Daraufhin aber drosselte Russlands Gasvertriebsunternehmen Gazprom die vertraglich festgelegten Mengen auf 50-70 Prozent der Lieferungen. Als Vorwand wurden angebliche Lieferstörungen in der Ukraine genannt. Da Moldau keine eigenen Produktionskapazitäten besitzt, kauften alle moldauischen Regierungen der letzten 30 Jahre 70 Prozent des Strombedarfs vom Stromerzeuger in Ciurugani, der Gas in Strom umwandelt. Das Kraftwerk liegt im separatistischen und mit russischen Truppen besetztem Transnistrien und funktioniert mit dem von Russland an die Moldau geliefertem Gas. Entsprechend kündigte die selbst ernannte separatistische Regierung an, ab dem ersten November nur noch die Hälfte der Strommengen an Moldau liefern zu können. Es wurde sogar damit gedroht, die gesamten Lieferungen auszusetzen. Dies scheint eher unwahrscheinlich, zumal der Mikrostaat überwiegend von den Steuern lebt, die dieses Kraftwerk abwirft und von Moldau bezahlt werden. Sollte Russland den Gashahn ganz zudrehen, würde der Staat de facto fast keine Einnahmen mehr generieren und sich in seiner Existenz bedroht sehen.

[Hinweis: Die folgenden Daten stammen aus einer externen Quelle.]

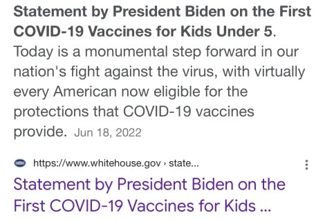Someone may want to tell the Biden Administration: the less said about the pathetic decision to make these shots available for kids under 5, the better.
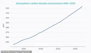 This rapid increase is intensifying the greenhouse effect, which is now trapping more heat in the atmosphere than the planet can naturally dissipate.
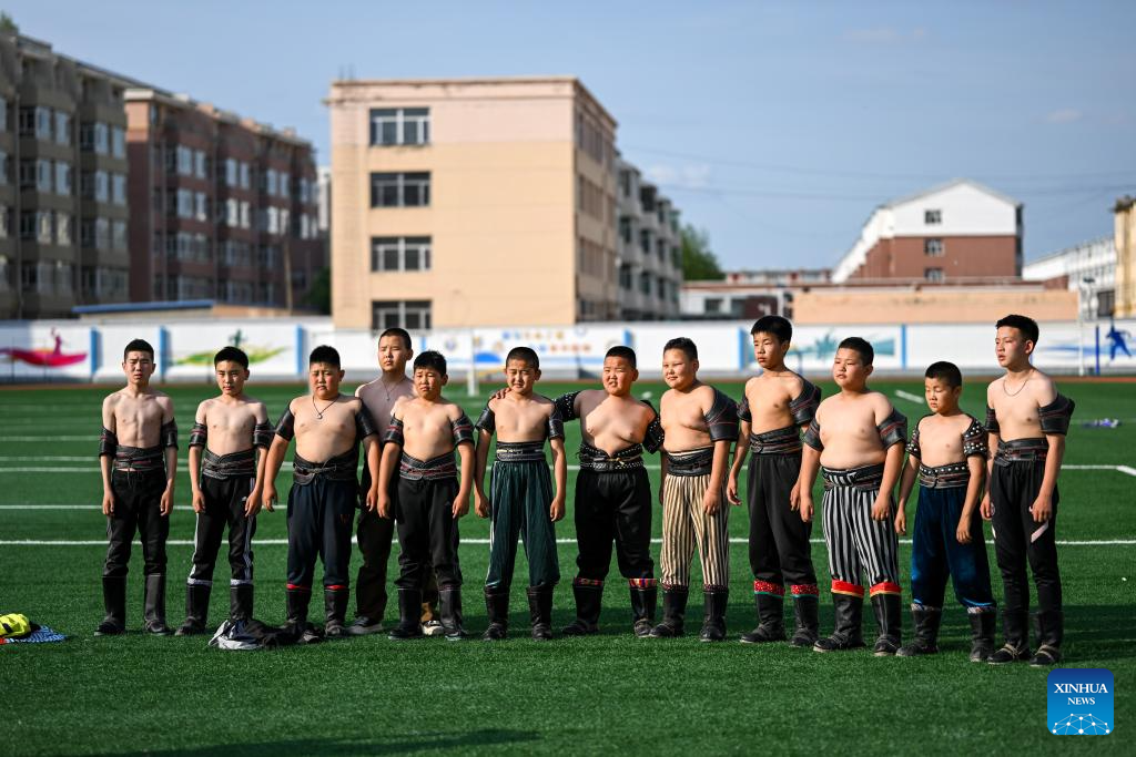 Participantes posan para una foto de grupo durante un combate de lucha mongola en la primera escuela primaria de la Bandera Occidental de Ujimqin, Liga Xilingol, región autónoma de Mongolia Interior, en el norte de China, el 12 de junio de 2025. (Xinhua/Lian Zhen.)
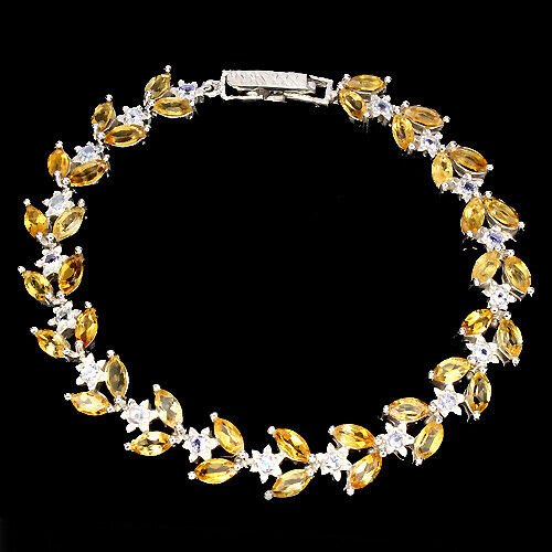 Entzückendes Armband mit 38 Citrinen und 19 Tansaniten gefasst in 925 Sterlingsilber 585 weißvergoldet
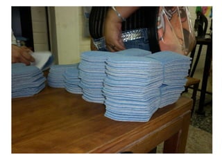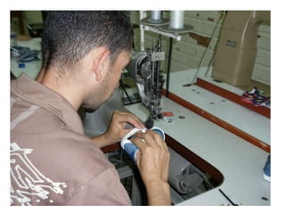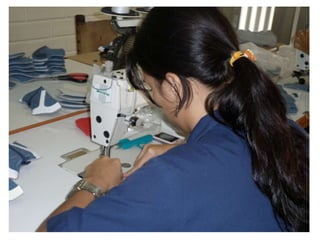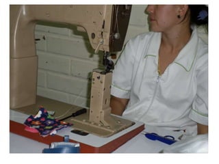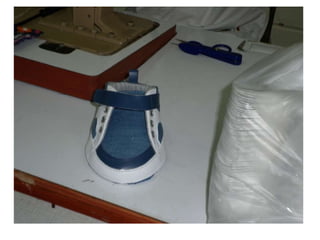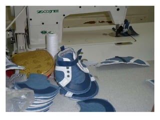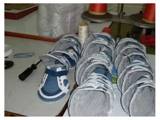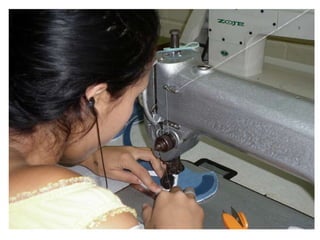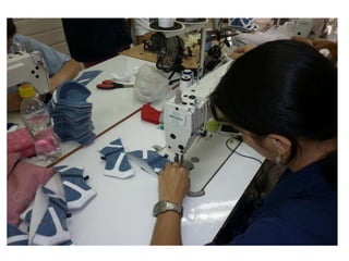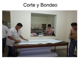 El documento describe las etapas de producción de telas que incluyen corte y bondeo, secado de la tela después del bondeo, troquelado, ensamble y empaque.

Hinzu kommt noch ein weiterer, von Russland ersonnener Kreislauf: Das sich in privater Hand und von lokalen Oligarchen geführte Kraftwerk hat für das von Gazprom gelieferte Gas nie gezahlt. Dafür hat Gazprom über einen Trick die Schuld dem moldauischen Staat zugeschoben. Lokal wird das Gas über den staatlichen Betreiber Moldovagaz transportiert. Gazprom besitzt dabei die Hälfte der Aktien und Transportnetze von Moldovagaz. Die Gesamtschuld dürfte sich indes auf ca. 7 Milliarden Euro belaufen. Damit scheint der aus Transnistrien bezogene Billigstrom auf einmal gar nicht mehr so billig zu sein.

Positive Aussichten

Spätestens mit dieser Krise scheint Moldau das Problem ernsthaft anpacken zu wollen. Maia Sandu sprach in Bukarest in diesem Kontext „vom Kampf Moldaus zur freien Welt zu gehören“. Die Befreiung aus der russischen Energieabhängigkeit scheint nun wesentlicher Teil dieses Kampfes zu sein. Die gemeinsamen Infrastrukturprojekte mit Rumänien stehen nun oben auf der Prioritätenliste der Regierung. Auch Ministerpräsidentin Gavriliță sprach davon, dass die Brücken zu Rumänien reell über Straßen, neue Brücken und über Energieinfrastruktur gebaut werden müssen. Diese Projekte, obwohl seit Jahren durchgeplant, wurden von prorussischen und korrupten Regierungen aus beiden Staaten während der letzten dreißig Jahre eher auf die lange Bank geschoben als umgesetzt. Sollten sie nun endlich im Eilverfahren angeschoben werden, wird es mindestens noch zwei Jahre dauern, bis sie auch konkretisiert werden können. Immerhin: Der politische Wille zu einem echten Aufbruch zwischen Rumänien und Moldau scheint sich erstmals zu festigen. Aber noch fehlt die Umsetzung. Bis dahin aber bangt man in der moldauischen Hauptstadt Chişinău, welche weiteren Pläne zur Unterwanderung des Staatsgefüges Russland wohl noch aushecken wird. Schon heißt es, man bereite sich selbst auf die Situation vor, wenn Russland den Gashahn ganz zudreht.